Осень открылась довольно теплым сереньким деньком с проблесками солнца. Начал исправлять «Легенду о тяжкой ночи», начатую год тому назад вследствие прочтения Прескотта и рецензии на Прескотта[326]
. Отсутствие рифм и испанский размер стиха (немного плясовой) до сих пор мешали мне пустить в ход эту вещицу. Вообще, сегодняшний день отчасти посвящен был музам, которые в сентябре 52 года так неожиданно меня посетили. Так, я окончил сегодня элегию «7 апреля 1853 года»,Но об этом после. Теперь у меня на станке вещь, сегодня задуманная — «Молчи и жди». Это мое литературное credo[329]
, протест против холодности нашего общества к изящному. Я твердо уверен, что доживу до реакции, что увижу то время, когда даже Данилевский станет отвергать меценатов, когда фатовство, военщина и модное обезьянство с высших исчезнут, аки воск от лица огня. Я умру, радостно доживши до прекращения клевет на литературу, гонений на литературу. Эту-то реакцию я рад торопить, отчасти с корыстною целью. Мы не хотим никого кусать, pourquoi donc nous traque-t-on comme de betes fauves?[330] Отрадно будет, без пятна на совести пережив эту грустную эпоху, вспомнить о ней посреди общей симпатии, посреди спокойствия. Свет ветрен, его не стоит проклинать, но стоит немного выбранить. Вот под влиянием каких умозрений создается «Молчи и жди».Давно нет вестей из Петербурга.
Жизнь без друзей не кажется мне жизнью, хотя я много раз жил без друзей, а в случае нужды могу долго прожить один-одинехонек. Но всюду, куда ни толкала меня судьба, я сходился с цветом людей, меня окружающих, и привязывался к ним головой и сердцем. В двух вещах я завистлив, то есть завидую людям в изобилии друзей и в счастливой любви. Не считая себя бедняком в этом отношении, я все-таки признаю себя немного обделенным судьбою. Без замешательства и труда я мог бы иметь еще двадцать пять пламеннейших приятелей, одну любимую жену и пять любовниц (не знаю, всех ли разом или одну за другою). Несмотря на весь байронизм, бывший модной вещью в моей первой юности, на всех Онегиных, Печориных и простых мерзавцев, каких я только видел, — в этом отношении я сохранил полнейшую самостоятельность. Я не забыл друзей моего детства, не забыл людей, нравившихся мне один или два дня.
Я не делал всего должного для сохранения первых связей, но тому причиной уныло патриархальная обстановка моих первых лет. В ленивом поддерживании связей с отсутствующими я виновнее, по части корреспонденции за мной много грехов.
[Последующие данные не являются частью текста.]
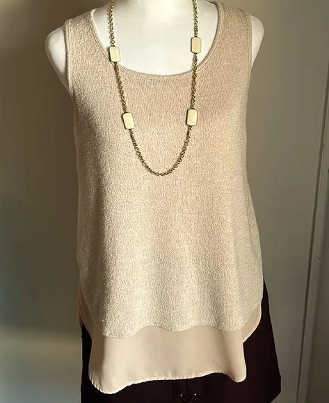Excellent preloved condition - Bar III Chiffon With Sweater Overlay Tank Blouse Blush pink tank blo... Show more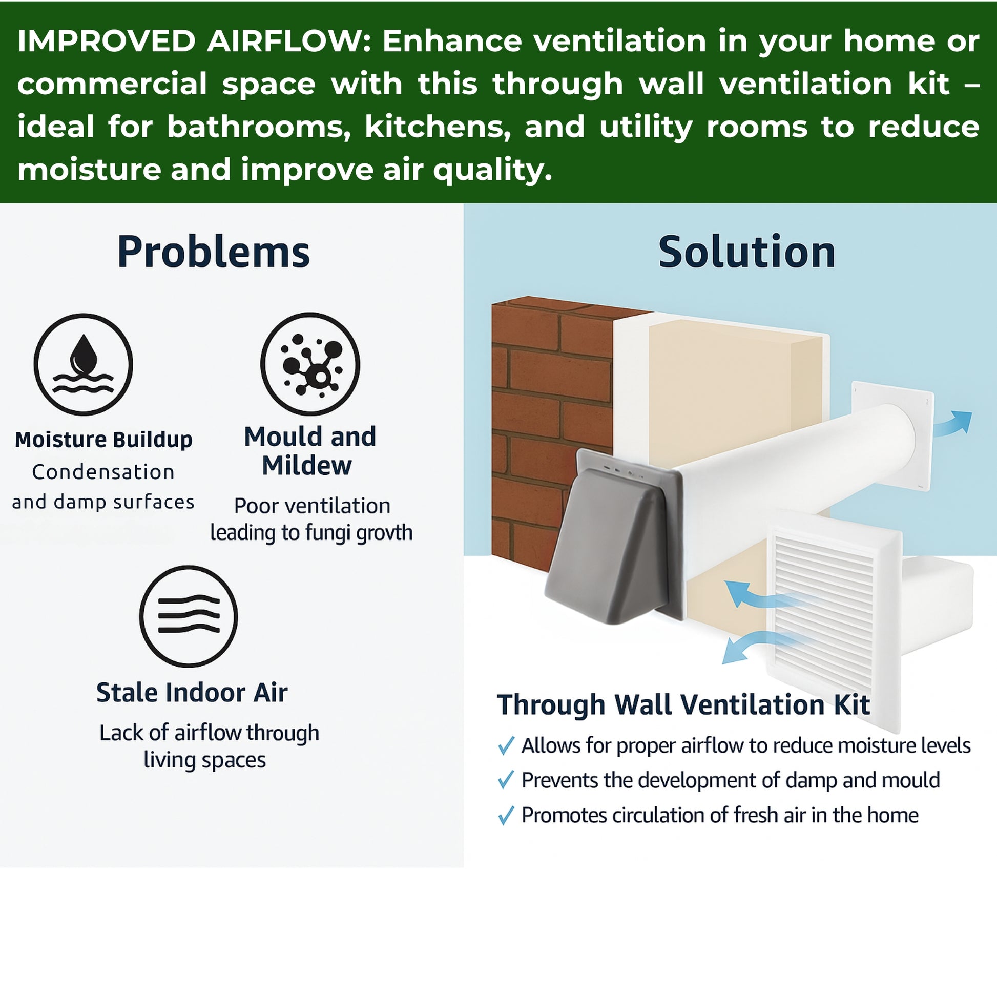 ★ IMPROVED AIRFLOW: Enhance ventilation in your home or commercial space with this through wall ventilation kit – ideal for bathrooms, kitchens, and utility rooms to reduce moisture and improve air quality.

Самый сильный грех — прекращение переписки с Салтыковым, но Салт<ыков> очень умен и, когда явится в Петербург, не будет помнить моей лености. М. К., Ахматова, Силиверский, Ахматов, Ливенцов, Руновский могут также справедливо вопиять против меня. В других нарушениях переписки я себя меньше упрекаю, большею частию вина не на моей стороне. Охлаждение и развращение нашей жизни видно в общем мнении по этому поводу. Я еще помню, когда, прощаясь с лучшим товарищем, в моде было говорить ему с холодностью: «коли что случится — напиши», а он должен был отвечать: «чему случиться?». Ни одно разумное теплое чувство, чувство, которому поддавались блистательнейшие люди всех времен, — не могло промелькнуть в разговоре, не прикрывшись маской холодной насмешки. Один из лучших людей, мною любимых, сознавался, что по годам ничего не читает и читать не хочет. Еще недавно в кружке истинных приятелей я прочитал две чьи-то вещи в стихах, похабную и непохабную, — первая всех пленила, вторую прослушали из вежливости, а каждый из присутствовавших по сердцу был способен понимать поэзию. Я думаю, что нравственное растление юношества в наше время дошло до крайних пределов. Вот с чем нужно бороться и с чем славно бороться.